L’histoire en marge – Reportage de longue haleine traité sous la forme de BD, Gaza 1956 témoigne de la cruauté des hommes. Comme Maus d’Art Spigelman l’avait fait en son temps.

De Joe Sacco, Éditions Futuropolis, 424 pages.

Certains livres parlent mieux qu’une réalité filmée dans l’urgence. Des mots qui vous pénètrent plus longuement qu’une suite d’images s’imprimant sur la rétine sans jamais parvenir à se fixer dans la mémoire. Sans doute parce que pour lire, il faut prendre le temps de s’investir. Gaza 1956 n’est pas une BD que l’on parcourt sur un coin de table. Dense, l’histoire se base sur les nombreux séjours que le journaliste dessinateur a effectués dans la bande de Gaza.

Son but? Raconter une page oubliée du conflit israélo-palestinien. Pour ce faire, l’auteur a cherché à recueillir les témoignages oculaires de ce qui s’était passé dans la petite ville de Khan Younis, en novembre 1956. Brièvement évoqué dans un rapport de l’époque, cet épisode, aujourd’hui méconnu, serait le plus important massacre de Palestiniens sur le sol palestinien si l’on en croit le chiffre de 275 morts avancé par l’ONU.

Les raisons de la colère

A travers ces faits tragiques et la recherche de la vérité qui l’obligent à mettre de côté de nombreux témoignages, Sacco nous fait partager la vie des Gazaouis actuels. En le suivant dans ses nombreux flashbacks entre le passé et le présent, on perçoit mieux la dramatique réalité d’une sentence, somme toute banale, d’un haut fonctionnaire du Hamas qui rappelle que  » les tragédies [du passé] contiennent souvent les graines du chagrin et de la colère qui façonnent les événements du présent« . Une version moderne de la sempiternelle loi du Talion.

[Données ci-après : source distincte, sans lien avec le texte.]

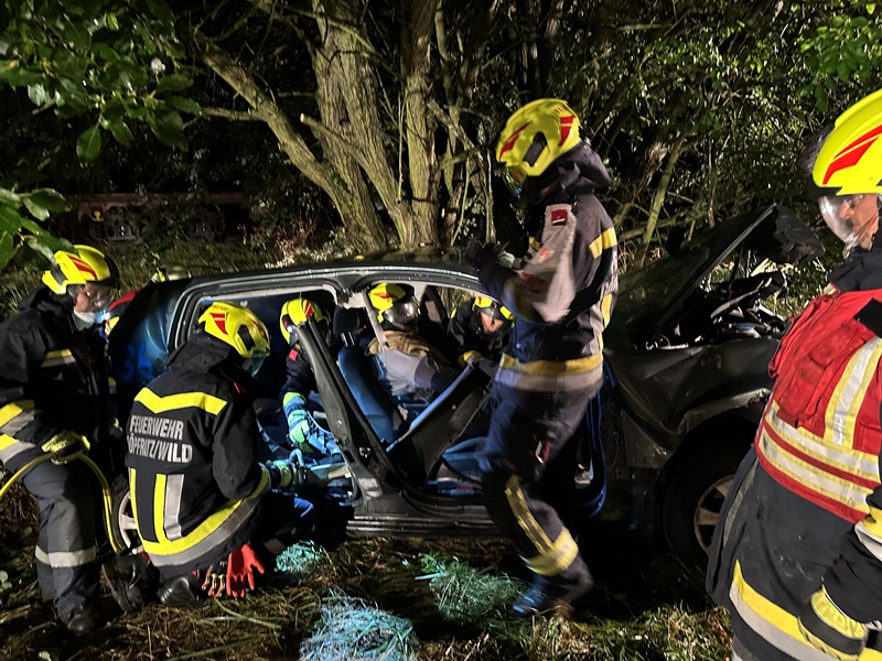 Technische Übung - Verkehrsunfall mit MenschenrettungGöpfritz/Wild - Unter der Übungsleitung von LM Bernhard Dangl und LM Michael Gutmann fand in den Abendstunden des 5. September 2025 eine technische Übung mit dem Thema Menschenrettung für die Mitglieder der Feuerwehren Göpfritz/Wild und Merkenbrechts statt.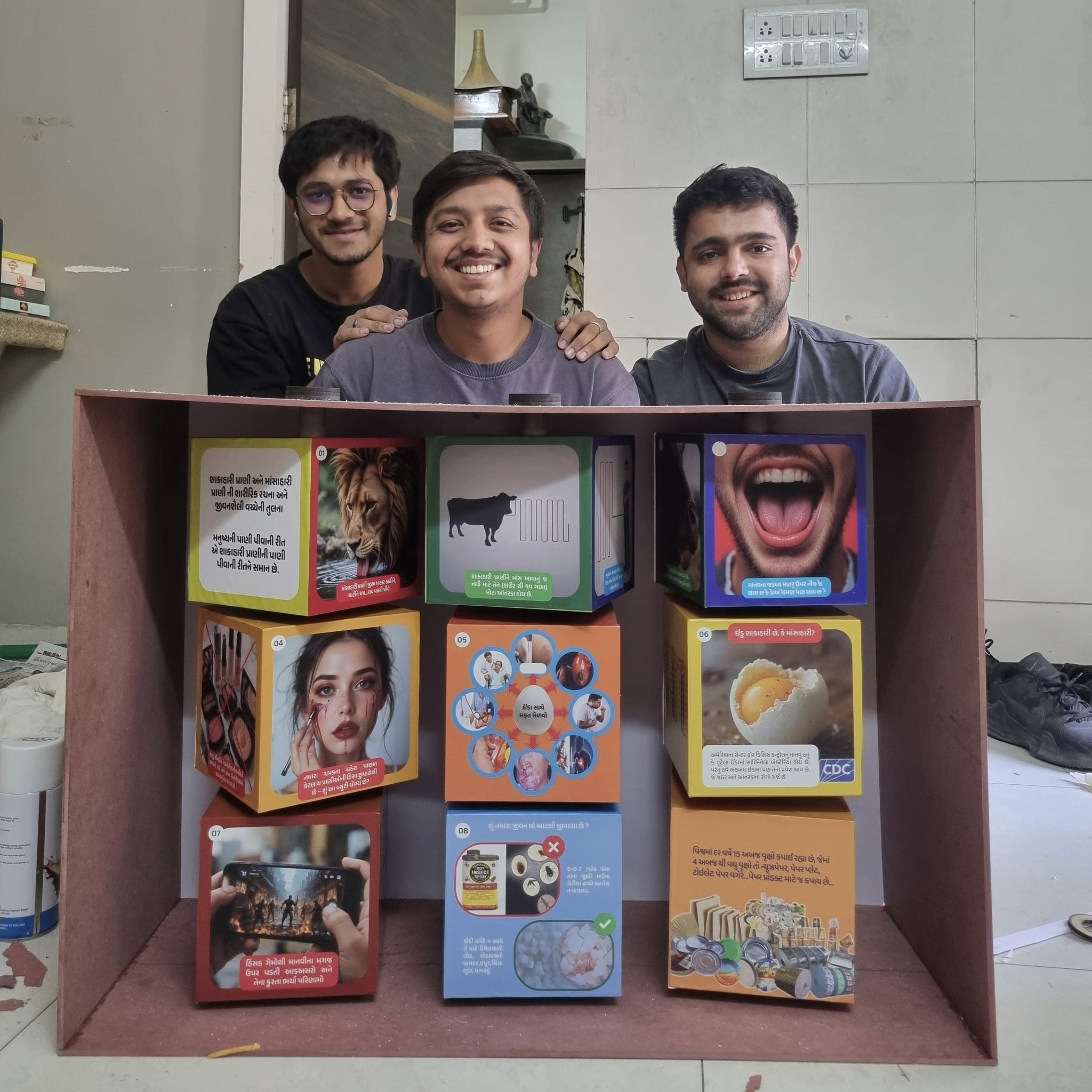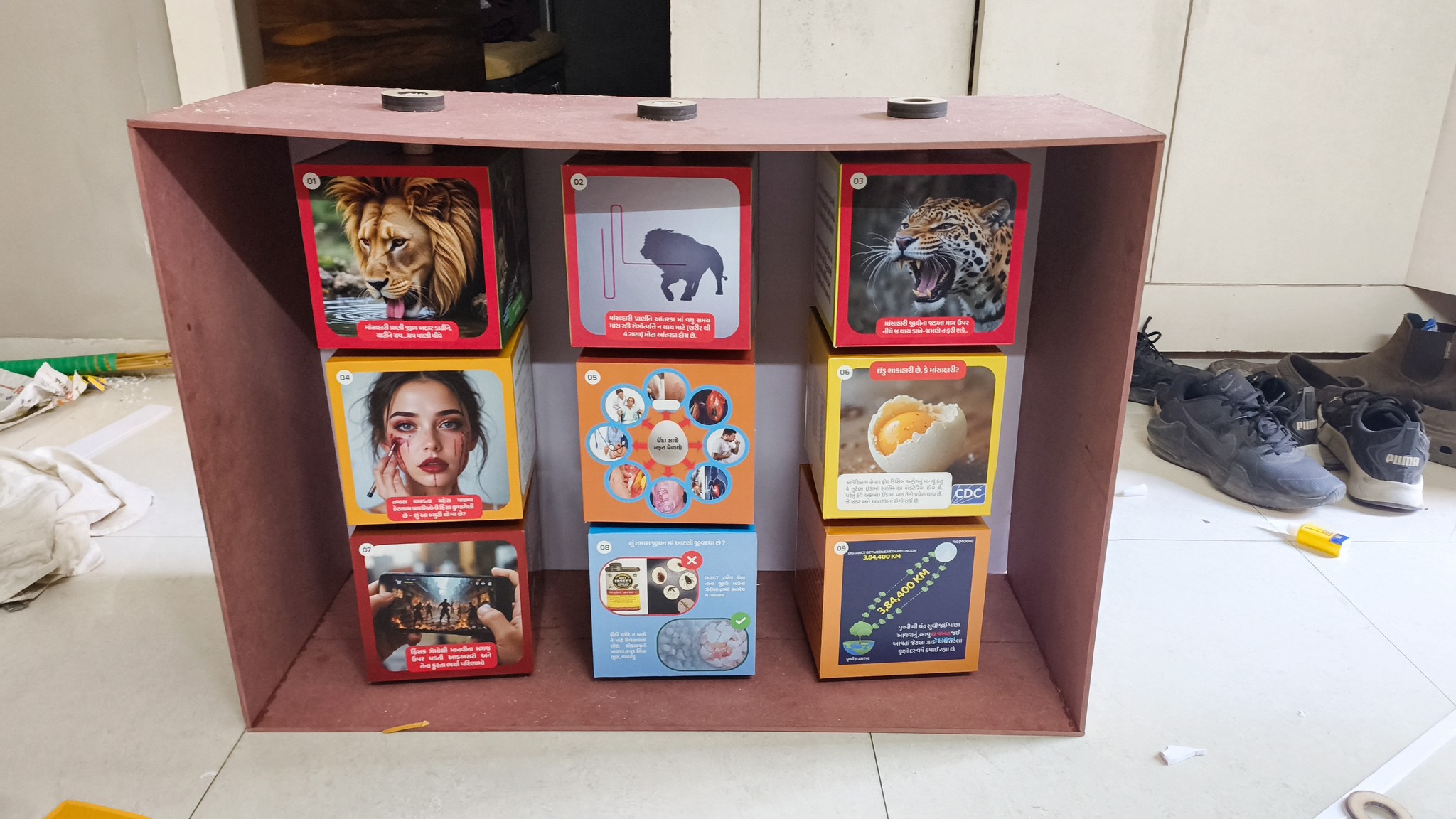 The final product was an engaging and interactive exhibit stand that successfully debuted at a local fair in Ahmedabad, capturing the attention of over 2,000 visitors.

Outre son dessin magistral, tant au niveau du trait que du cadrage, la grande force de Sacco est de ne jamais gommer les humains qui se cachent derrière la grande histoire. Au contraire, il les surligne pour les mettre en avant. Dommage, par contre, qu’il fasse à ce point l’impasse sur l’humour. C’est probablement l’autodérision de Spiegelman qui a fait de Maus un best-seller. Lourd, le Gaza de Sacco sonne trop comme une charge en forme de réquisitoire immuable. Un sentiment tempéré par une série d’interviews regroupées à la fin de l’ouvrage et qui donnent la parole à plusieurs gradés israéliens chargés des opérations militaires dans la bande de Gaza.